Di conseguenza, sono elencati romanzi come Frankenstein di Mary Shelley, Dracula di Bram Stoker, Carmilla di Sheridan Le Fanu, Lo strano caso del dottor Jekyll e del signor Hyde di Robert Louis Stevenson, Il ritratto di Dorian Grey di Oscar Wilde, Il fantasma dell’Opera di Gaston Leroux, i noti miti di Cthulhu del già citato Lovecraft – che hanno portato i Metallica a scrivere una canzone −, e la più recente saga Il Ciclo di Sookie Stackhouse scritta da Charlaine Harris – da cui è stata tratta la famosa serie televisiva statunitense True Blood, creata da Alan Ball −, il ciclo di romanzi The Vampire Chronicles – da cui è stato tratto il famoso film Intervista col vampiro − e i romanzi dell’italiana Barbara Baraldi come Lullaby, Scarlett e Striges.
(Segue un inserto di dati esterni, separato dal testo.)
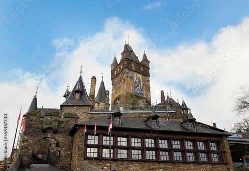 Gate of Reichsburg Castle, which rises on the hill above the Moselle River in city of Cochem, German

La letteratura gotica è talmente vasta che un solo articolo non basterebbe, ma anche quella distopica e cyberpunk non è da meno. Infatti, nel libro di Di Iacovo sono ricordati romanzi come: La notte che bruciammo Chrome, Monna Lisa cyberpunk e Neuromante di William Gibson, Un oscuro scrutare di Philip K. Dick e Cyberpunk di Bruce Bethke, che è il capostipite della definizione ‘cyberpunk’. Se i romanzi di genere gotico hanno influenzato il vasto filone della musica goth, il genere distopico ha invece ispirato gruppi come gli Iron Maiden, ma anche i Minstry, i Throbbing Gristle e tutti gli altri che sono stati citati finora.

Di questo e molto altro parla Giovanni Di Iacovo in Noi siamo la notte. Si tratta, infatti, di un viaggio alla scoperta dei generi ancora oggi diffusi non solo tra milioni di ragazzi, ma anche fra quegli adulti che hanno vissuto i diversi cambiamenti socioculturali. Il libro è quindi dedicato a tutti quelli che apprezzano la cultura goth e industrial, e a chi si avvicina per la prima volta a questo mondo fatto di “suoni costruiti da strumenti veri vs tappeti sonori artificiali, lente danze fascinose vs vorticosi cyberacrobati, non morti vs post-umani, pizzi neri vs tute fluo, tulle vs latex, occhi truccati vs maschere antigas, lenti a contatto bianche vs occhiali da saldatore, Nosferatu vs Matrix”. E come dice anche l’autore, alla fine del volume: «Lunga vita al rock’n’roll».